One of the founders of Portland’s modern art scene continues to produce eye-popping work. Sculptor Mel Katz calls his pieces “shape paintings” because they incorporate techniques from painting and drawing as much as from three-dimensional expression.
In 1964, Katz came to teach at the Museum Art School (now the Pacific Northwest College of Art). After one year he leapt to PSU, taking the teaching position vacated by Robert Colescott. And in the three decades plus since, like an art-world version of crotchety acting teacher Lee Strasberg, Katz shepherded scores of the region’s blue-chip talents. These included Lucinda Parker, Rene Rickabaugh, Gina Wilson and many others who would cement reputations elsewhere, such as Mathieu Gregoire and Ken Butler.

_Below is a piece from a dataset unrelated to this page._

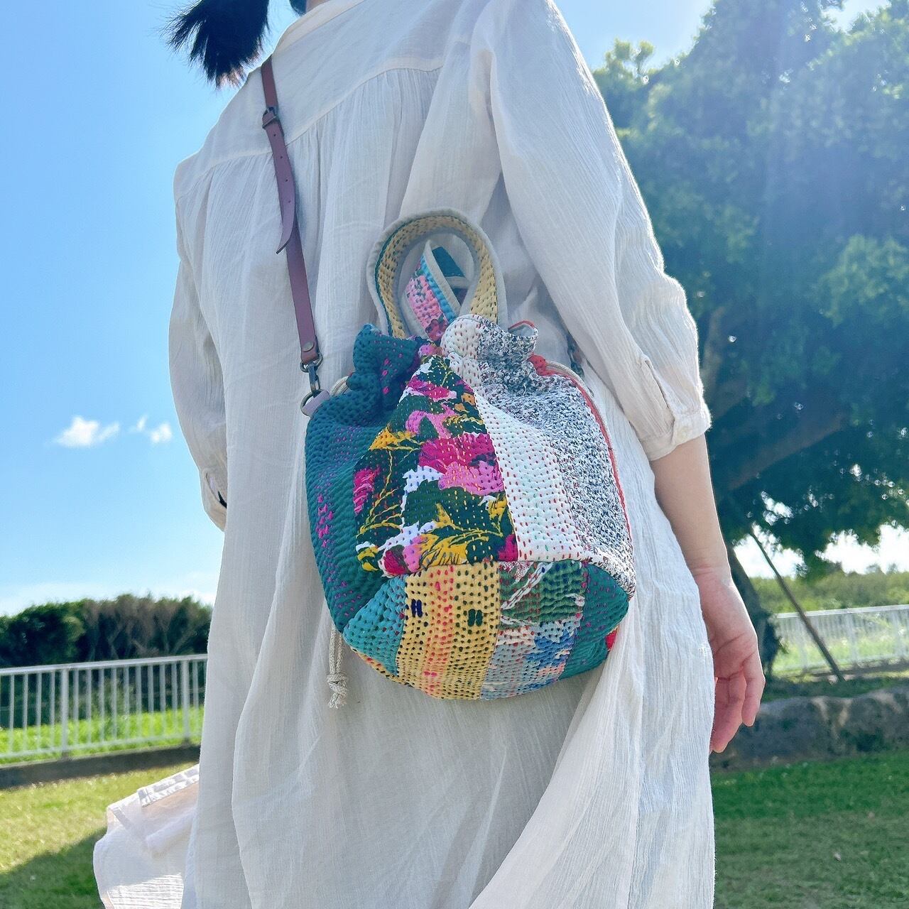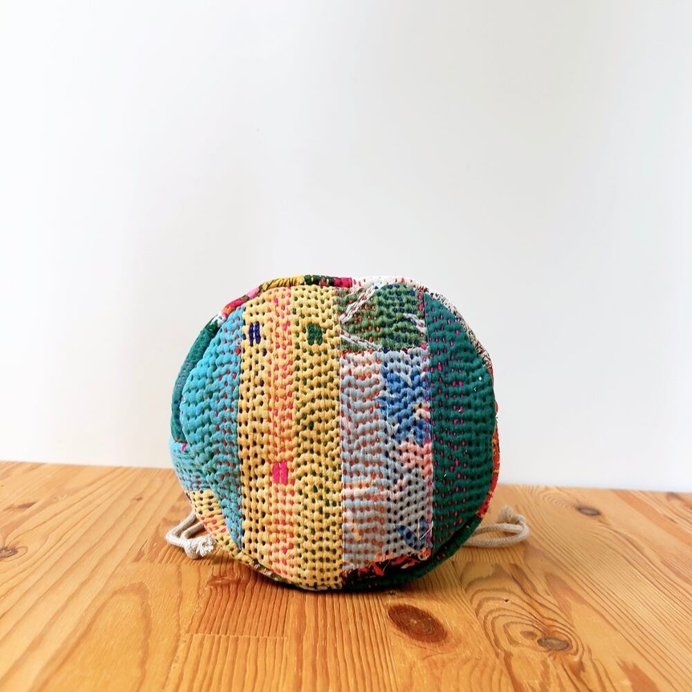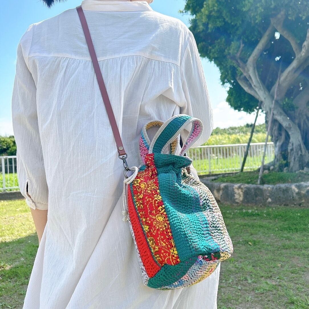 一点もののヴィンテージラリーキルトの巾着バッグ。カラフルなパッチワーク柄と可愛らしいサイズ感が魅力です。
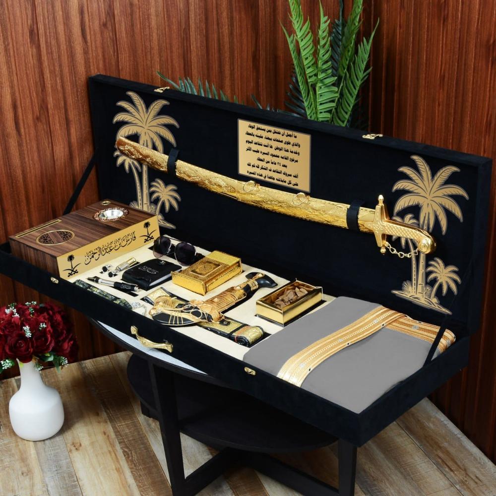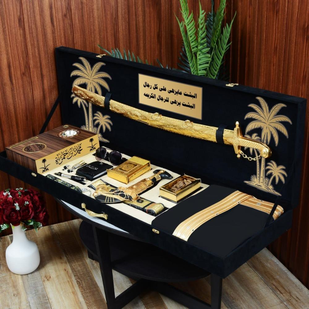 🎁 بوكس اسود ملكي مع تصميم عبارة ونخلتين من الاكريلك نفس الصوره

By the ’70s and ’80s, Katz was on his way to finding a full-fledged original style, with an elegant eye for shapes and lines that could be seen as distant cousins to the work of iconic minimalists Judd and Serra. But Katz also used some of the most inelegant materials that a sculptor could ever use, like Formica, which, aside from being ugly, was just plain cumbersome.
Though he may be retired from teaching, Katz has yet to slow down. He’s still more New York chutzpah than Portland politesse. And he still shows up regularly to the same Old Town studio he has occupied for 31 years. Then, as now, work is foremost on Katz’s mind. That and perhaps a larger place in history.